INFORMATION PROVIDED:
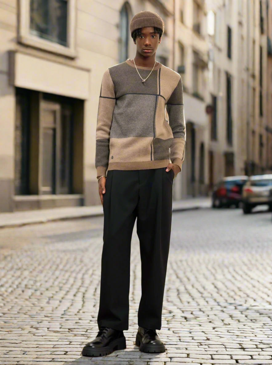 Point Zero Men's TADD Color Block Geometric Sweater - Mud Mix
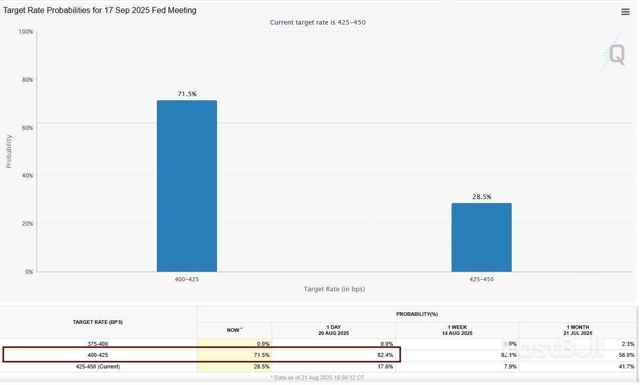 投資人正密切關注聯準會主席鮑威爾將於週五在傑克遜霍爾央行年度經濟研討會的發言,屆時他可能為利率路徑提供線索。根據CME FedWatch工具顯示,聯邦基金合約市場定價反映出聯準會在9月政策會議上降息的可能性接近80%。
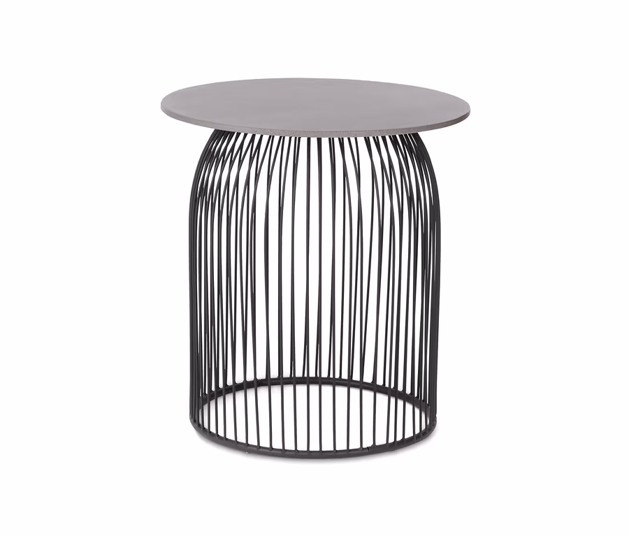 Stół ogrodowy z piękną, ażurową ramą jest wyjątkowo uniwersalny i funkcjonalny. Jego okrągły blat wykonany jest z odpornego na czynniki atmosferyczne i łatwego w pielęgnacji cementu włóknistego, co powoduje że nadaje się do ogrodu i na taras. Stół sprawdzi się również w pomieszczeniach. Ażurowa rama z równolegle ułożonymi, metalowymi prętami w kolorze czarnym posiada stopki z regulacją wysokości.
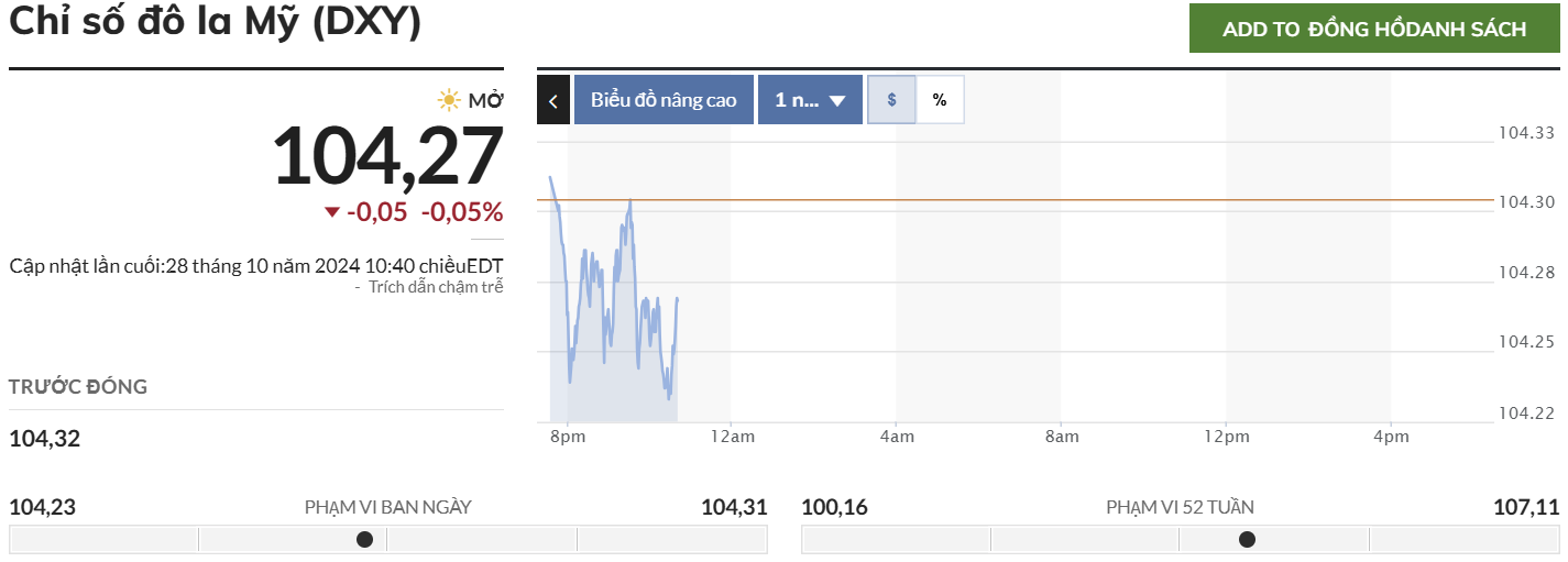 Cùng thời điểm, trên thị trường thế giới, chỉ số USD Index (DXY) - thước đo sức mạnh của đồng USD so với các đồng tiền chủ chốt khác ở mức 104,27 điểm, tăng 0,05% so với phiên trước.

PROBLEM DETAILS: What you give back must match the material above exactly, minus its pictures.

RESPONSE BELOW:
 Point Zero Men's TADD Color Block Geometric Sweater - Mud Mix
 投資人正密切關注聯準會主席鮑威爾將於週五在傑克遜霍爾央行年度經濟研討會的發言,屆時他可能為利率路徑提供線索。根據CME FedWatch工具顯示,聯邦基金合約市場定價反映出聯準會在9月政策會議上降息的可能性接近80%。
 Stół ogrodowy z piękną, ażurową ramą jest wyjątkowo uniwersalny i funkcjonalny. Jego okrągły blat wykonany jest z odpornego na czynniki atmosferyczne i łatwego w pielęgnacji cementu włóknistego, co powoduje że nadaje się do ogrodu i na taras. Stół sprawdzi się również w pomieszczeniach. Ażurowa rama z równolegle ułożonymi, metalowymi prętami w kolorze czarnym posiada stopki z regulacją wysokości.
 Cùng thời điểm, trên thị trường thế giới, chỉ số USD Index (DXY) - thước đo sức mạnh của đồng USD so với các đồng tiền chủ chốt khác ở mức 104,27 điểm, tăng 0,05% so với phiên trước.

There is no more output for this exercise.